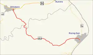 State Road 262 (SR 262) is a state road in the south-eastern section of the state of Indiana. Running for roughly 15 miles (24 km) in a general northwest-southeast direction, it connects the towns of Dillsboro and Rising Sun. SR 262 was originally introduced in the early-1930s routed between along its modern routing. The road was paved in the mid to late 1960s. The road serves as the eastern terminus of its primary route, Indiana 62 just east of Dillsboro.
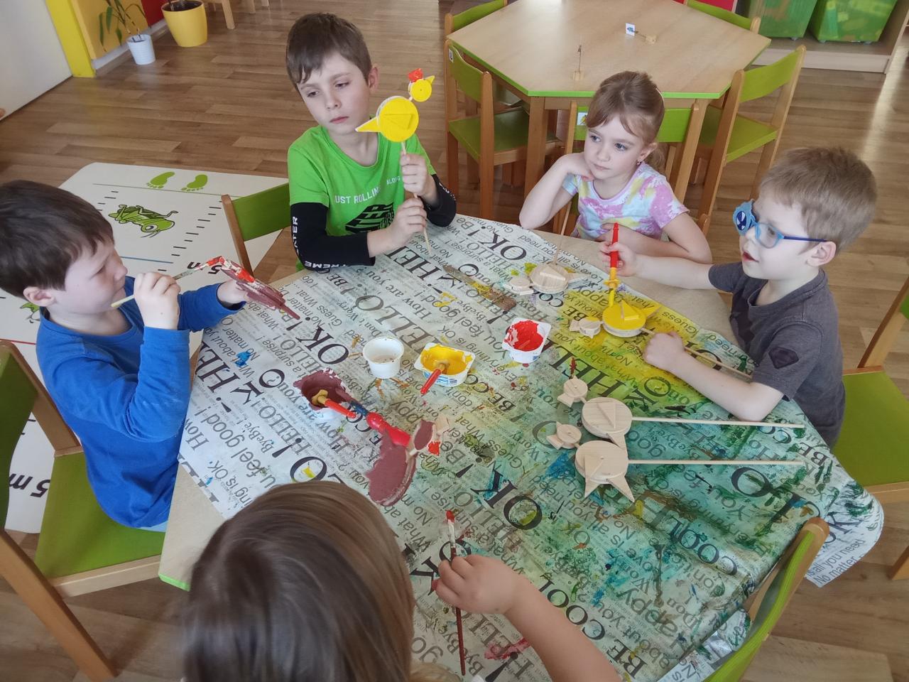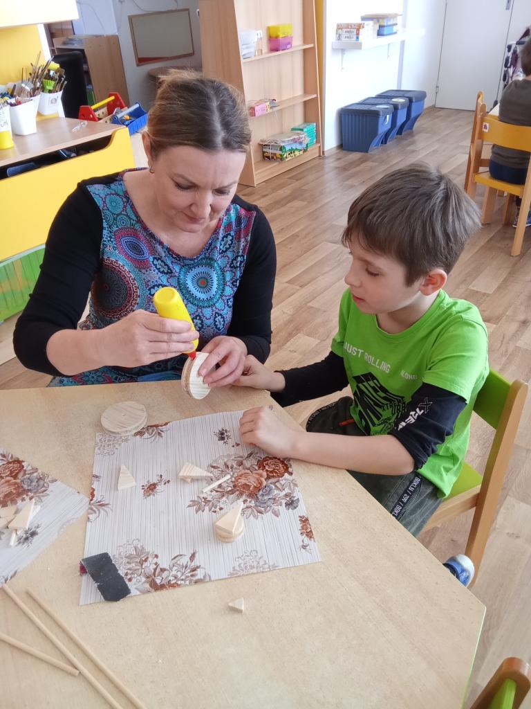 Vyzkoušeli jsme si práci se dřevem, brousili jsme, lepili, sestavovali kuřátko k Velikonocům a pro radost "káču".
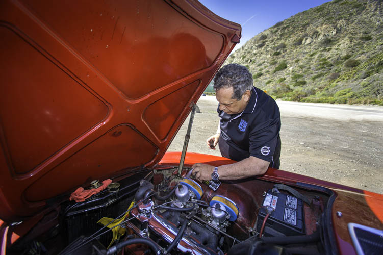 Irv Gordon revisa cuidadosamente cada elemento del coche para mantenerlo a punto.
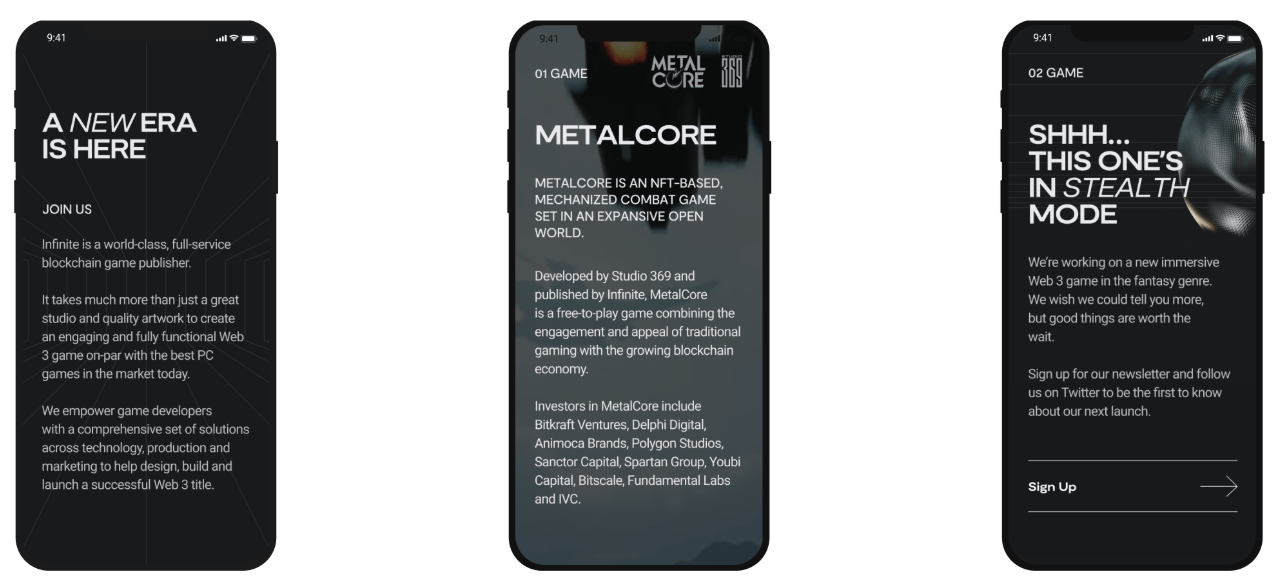 Сайт должен был продемонстрировать опыт Infinite Games в разработке игр, особенно в контексте их NFT-игры Metalcore; создать представление об игровом процессе Metalcore и дорожной карте проекта.
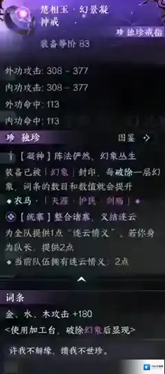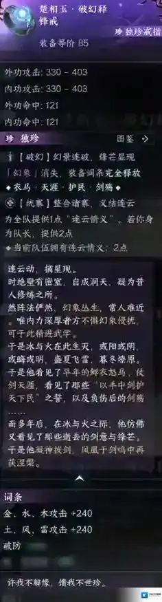 使用太白残锈与连云寨山洞探索获取的独珍楚相玉·幻景凝神戒加工,可逐步破除其幻象。最终,您将获得一件集太白剑意与楚相玉功力于一体的强大装备(需要四周时间)。
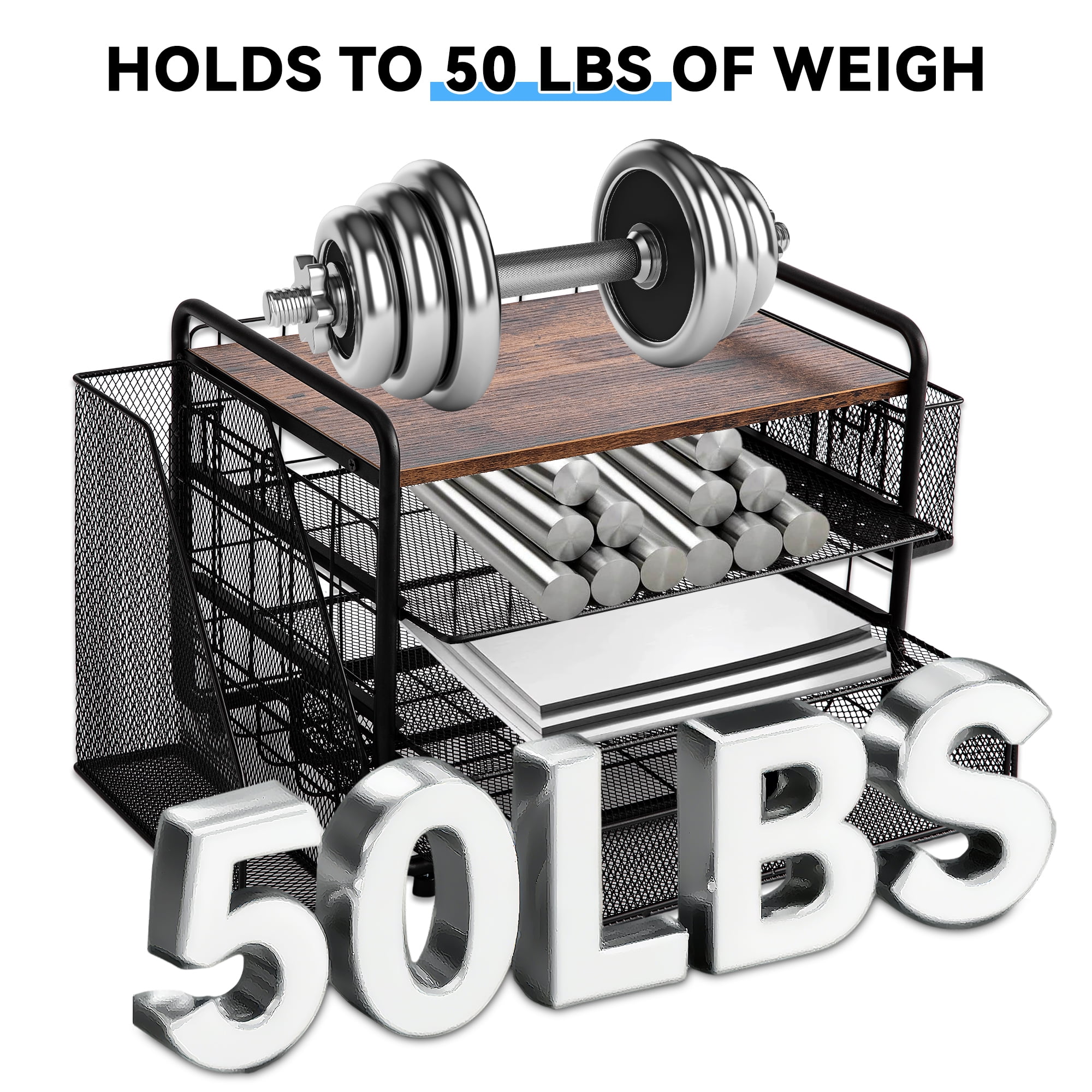 - 【 Metal Grid Frame 】 The Desktop Storage Organizer Is Made of High-Quality Metal Material, Which Is Stable, Durable and Has Strong Load-Bearing Capacity. The Fashionable Grid Structure Is Low-Key and Has a Good Texture, And It Is Long-Lasting and Not Easy to Deform.
:::::
#### Work required:
What are the lines from the one containing "使用太白残锈与连云寨山洞探索" through the end of the records? Write them out exactly, leaving out the pictures.

#### Answer section:
 使用太白残锈与连云寨山洞探索获取的独珍楚相玉·幻景凝神戒加工,可逐步破除其幻象。最终,您将获得一件集太白剑意与楚相玉功力于一体的强大装备(需要四周时间)。
 - 【 Metal Grid Frame 】 The Desktop Storage Organizer Is Made of High-Quality Metal Material, Which Is Stable, Durable and Has Strong Load-Bearing Capacity. The Fashionable Grid Structure Is Low-Key and Has a Good Texture, And It Is Long-Lasting and Not Easy to Deform.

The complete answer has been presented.